14/11/2025
In psychodynamic work, we often say that the unconscious speaks through action more than intention. The way a patient pays for therapy is not about financial etiquette — it is a live expression of their inner world unfolding in the therapeutic relationship.
Money carries emotional weight. It represents dependence, separation, care, autonomy, guilt, longing, anger, and attachment. When a patient reaches for cash, forgets to bring it, overpays, apologises, hesitates, or becomes irritated, they are not simply performing a transaction. They are expressing something about:
how they experience being held or not held
how safe they feel in needing someone
how they manage closeness and distance
what they learned about giving and receiving in childhood
how they negotiate boundaries and expectations
what they fear, long for, or defend against in intimacy
In this way, payment becomes a microcosm of the patient’s relational patterns. It is never about judgment. There is no “right” or “wrong” way of paying. Instead, each pattern becomes material — a moment rich with information about how the patient relates to others, to themselves, and to the therapeutic space.

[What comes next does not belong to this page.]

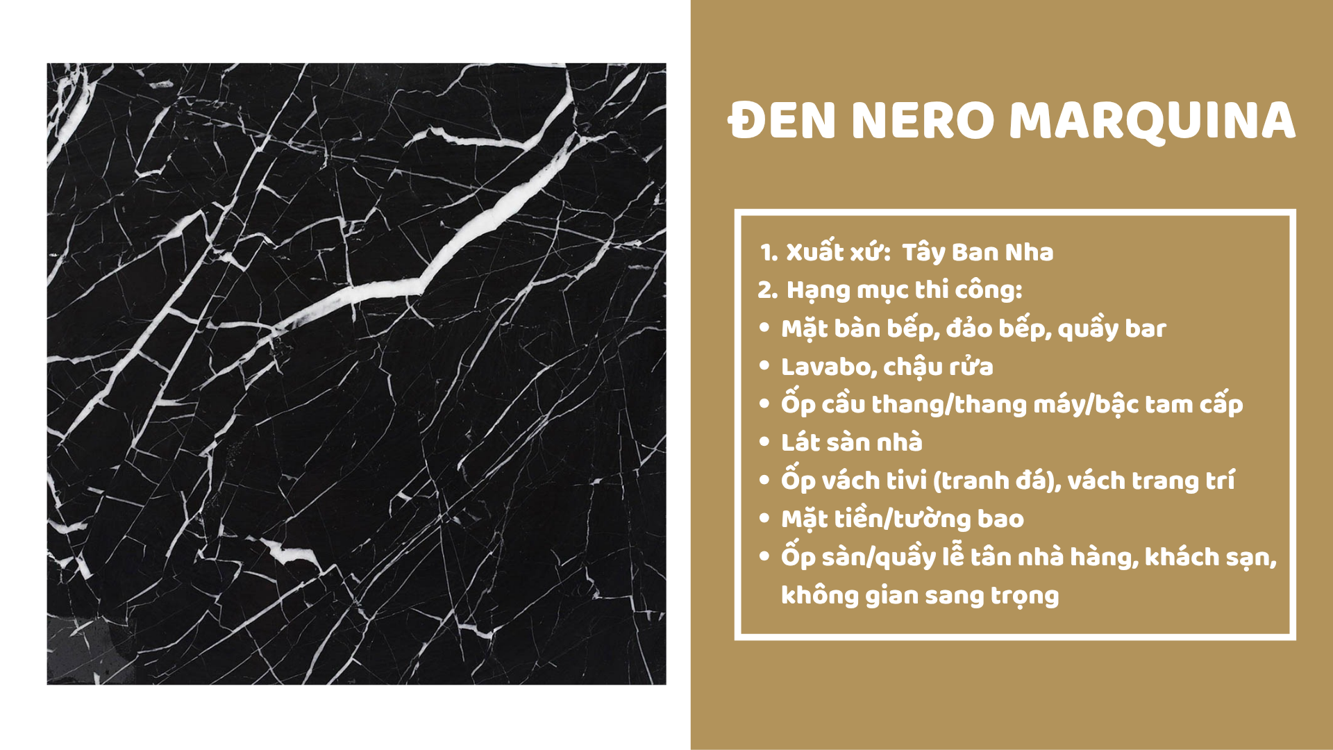 Phòng trưng bày ốp đá Nung kết Đen Nero Marquina

When a therapist explores these subtle behaviours with the patient, something important can happen:
awareness deepens, repeated relational cycles become visible, and the possibility for new experience emerges.
Even the smallest rituals — handing over money, asking for change, forgetting the wallet, or hesitating at the door — can reveal profound emotional truths.
Nothing in therapy is just a coincidence.
Everything that happens in the room becomes part of the meaningful dialogue — even the moment of payment.